The film focuses on a manageable subset of the 108 Outlaws of the Marsh, and a reasonably self-contained story that doesn't particularly require any knowledge of the preceding chapters. I fact it mainly focuses on the characters played by Tetsuro Tamba and David Chiang, who are not outlaws at the start of the film, so this is presumably where they were introduced.
Chang Cheh and collaborators seem to be aspiring to the grandeur of classic samurai films, but even with Shaw Brothers pulling out all the stops their resources can't quite stretch to the production values or gravitas of an Akira Kurosawa epic. They do deliver on entertainment though, and perhaps overachieve on gruesome deaths.

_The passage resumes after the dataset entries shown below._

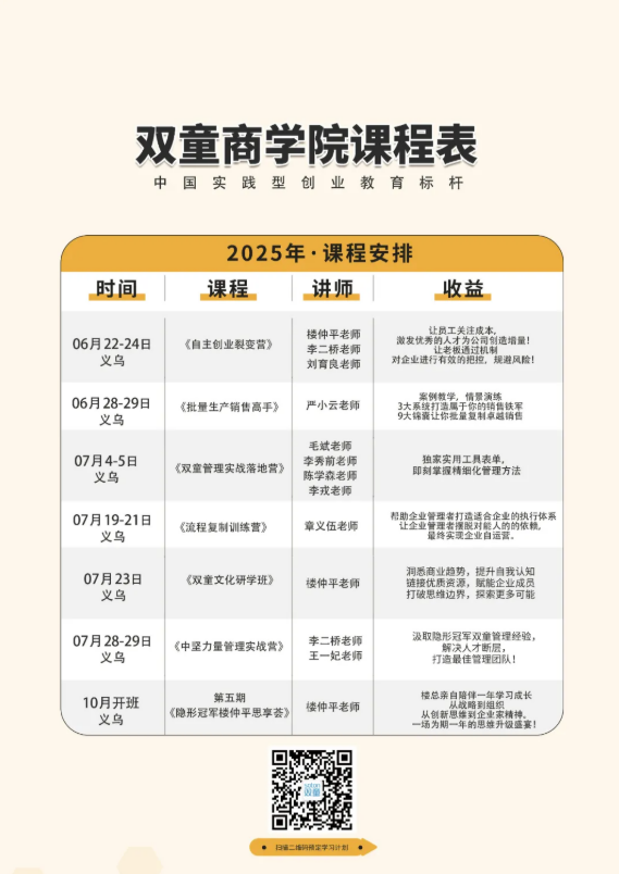 如果你也對“雙童”充滿(mǎn)好奇,也想賦能團隊共同成長(cháng),歡迎走進(jìn)7月23日【雙童文化研學(xué)班】,與上百位優(yōu)秀的創(chuàng )業(yè)者一起學(xué)習!少量名額,歡迎咨詢(xún)鎖定!
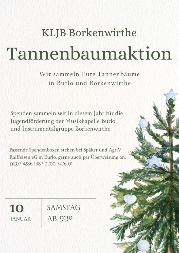 Am Samstag, den 10. Januar 2026, wird die Gruppe erneut durch die Gemeinden ziehen und die Tannenbäume einsammeln. Dazu wird um Spenden gebeten, die in diesem Jahr an die Jugendförderung der Musikkapelle Burlo und der Instrumentalgruppe Borkenwirthe gehen sollen. Wie in jedem Jahr wird darauf hingewiesen, dass dazu passende Spendenboxen im Raiffeisen-Markt in Burlo sowie in der Bäckerei Späker aufgestellt sind. Gespendet werden kann auch direkt per Banküberweisung unter dem Verwendungszweck „Spende Tannenbaumaktion“ (IBAN: DE07 4286 1387 0200 7476 01). Bitte keine Spendengelder an den zur Abholung bereitgelegten Bäumen hinterlegen.
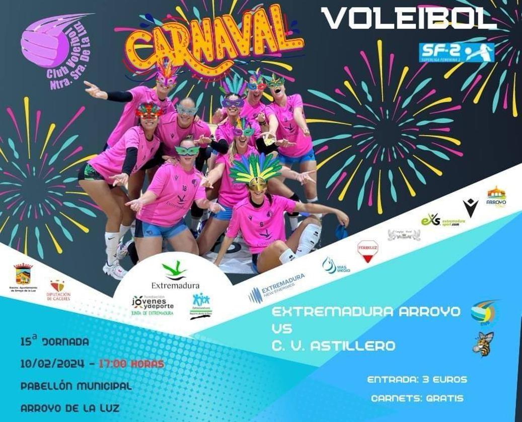 La directiva del Extremadura Arroyo ha decidido adelantar una hora, a las 17.00 horas, el partido que tiene previsto disputar el próximo sábado 10 de febrero ante el CV Astillero cántabro, para que sus aficionados puedan disfrutar del Desfile de Carnaval que se celebrará un poco más tarde en el centro de Arroyo de la Luz.
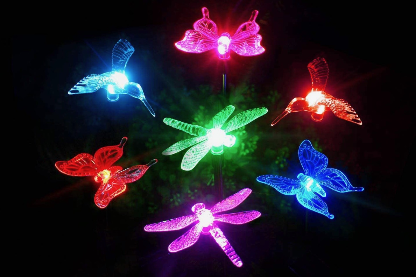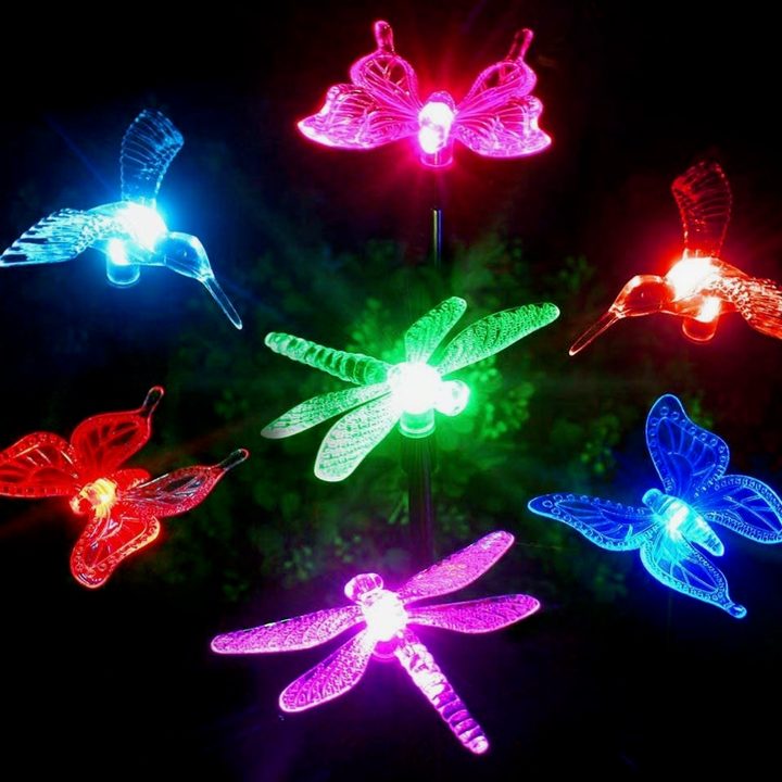 When it comes to aesthetic garden stakes, OxyLED provides the best decorative option. One pack comes with three solar-powered lights. Each stake is topped with either a light-up or color-changing dragonfly, bird, or butterfly that lasts for up to eight hours at night.

The film isn't particularly action-packed by Chang Cheh's standards, but there are several fights distriubuted throughout and it all builds to a suitably exciting climax with multiple duelling opponents. Four choreographers are credited, and they do good work resulting in quite varied styles being seen.
The 14th century novel The Water Margin, or Outlaws Of The Marsh, is considered to be one of the Four Great Classical Novels of China, and it was undoubtedly a big influence on depictions of the jiang hu in literature and cinema - though it is thought to be based on stories and oral traditions that had been circulating long before they were collected into a novel.
This was presumably intended to be the start of a long running series, with characters introduced here with the intention that they would appear in future entries. Indeed there is All Men Are Brothers which is another ensemble piece featuring several characters who are only seen in the introduction, and The Delightful Forest focused on Ti Lung's character.
I guess the studio didn't feel like they were getting a good return on the investment these epics required though, or Chang Cheh just got distracted by his Shaolin cycle, so it didn't blossom into the cinematic universe that it might have become.